O escritor francês Michel Houellebecq, em seu
último — e mais uma vez provocativo — romance, A
Possibilidade de uma Ilha , conta a história de uma série de
personagens nascidos da clonagem de um único homem. Ele imagina um futuro
terrível de devastação humana. Um pessimismo exasperado segundo o qual a
juventude, a força e a beleza são o fundamento do amor, mas também do nazismo.
O que você acha dessa visão do futuro do Ocidente?

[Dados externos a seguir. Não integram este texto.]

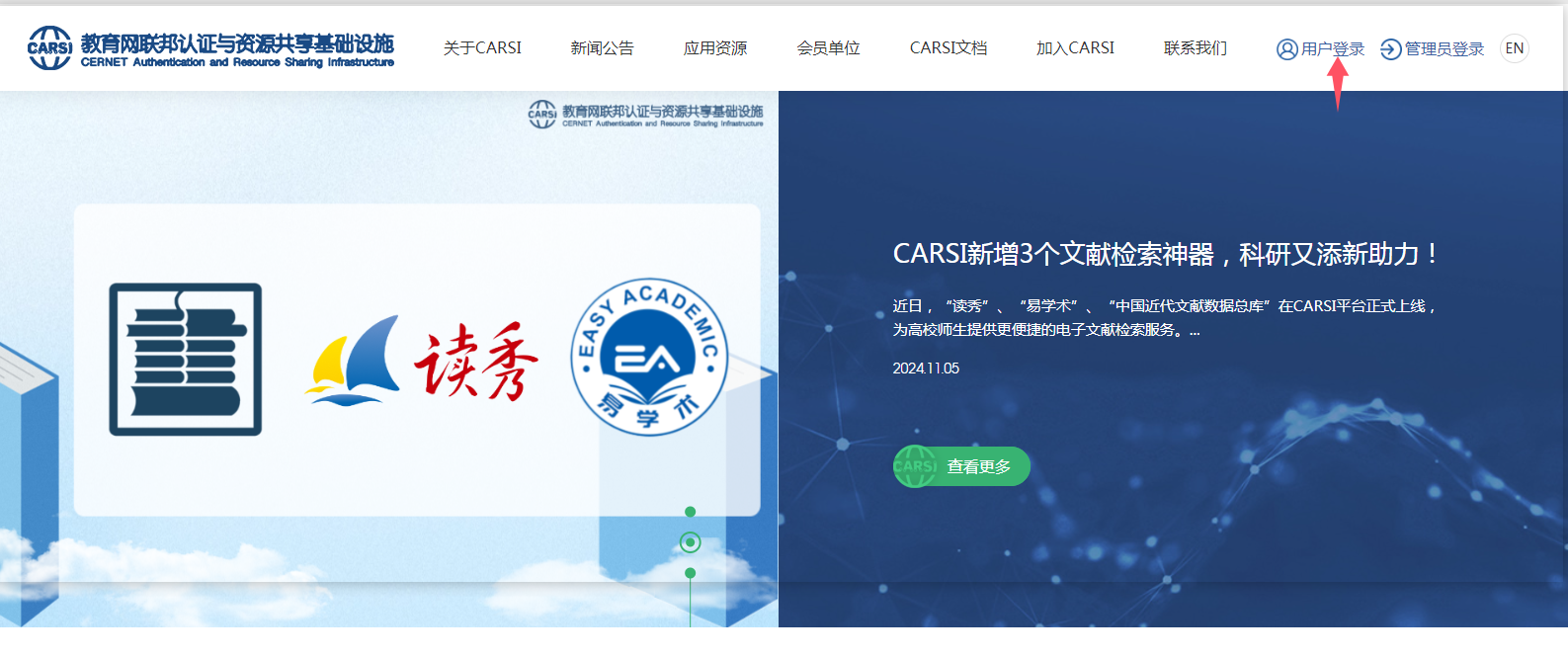 CARSI登录地址如下:https://www.carsi.edu.cn

ISRAEL: Ainda não li o romance de Houellebecq, mas acho que esse tipo de literatura, quando de alta qualidade, tem uma função muito útil no despertar das consciências. Considere a influência do famoso romance de Huxley, Admirável Mundo Novo. Pode-se dizer que algumas das previsões catastróficas de Huxley estão se concretizando, mas, ao mesmo tempo, estamos longe de um mundo conformado a uma visão global totalitária. Nessa perspectiva, sou otimista, no sentido de que estou convencido de que as energias espirituais humanas e as "questões profundas" que residem no cerne de nossa consciência não podem ser suprimidas e, em última análise, se imporão, não importa quão grandes sejam os danos colaterais. O problema é certamente o do fracasso: programas tecnocientíficos radicais podem provocar reações igualmente radicais inspiradas pelo fundamentalismo e pelo fanatismo. Por essa razão — voltando ao tema da importância e da responsabilidade da política — o mais importante me parece ser uma conscientização ampla e profunda. Nessa perspectiva, a experiência que tive no Encontro de Rimini durante o debate sobre "Ciência e Regras?", com a intensidade moral e intelectual que ali senti, confirmou-me essa convicção.
Algumas disposições
legislativas são importantes — a clonagem deve ser proibida, ponto final —, mas
não são suficientes, e é impossível regulamentar tudo. É muito mais importante
que as pessoas rejeitem certas perspectivas e que certas práticas não encontrem
clientes. Vamos tentar ler esta frase do livro de Stock: "Com algum
marketing direcionado por parte dos centros de fertilização in vitro ,
a reprodução tradicional pode se tornar obsoleta, se não
completamente irresponsável . O sexo pode um dia ser considerado uma
atividade puramente recreativa e a concepção algo melhor realizado em
laboratório." Recomendo a leitura ampla, pois estou
convencido de que uma pessoa sensata — qualquer pessoa que saiba o que
significa ter um filho por meio de um ato de amor — não pode deixar de sentir
uma sensação de repulsa e desprezo por pensamentos tão miseráveis.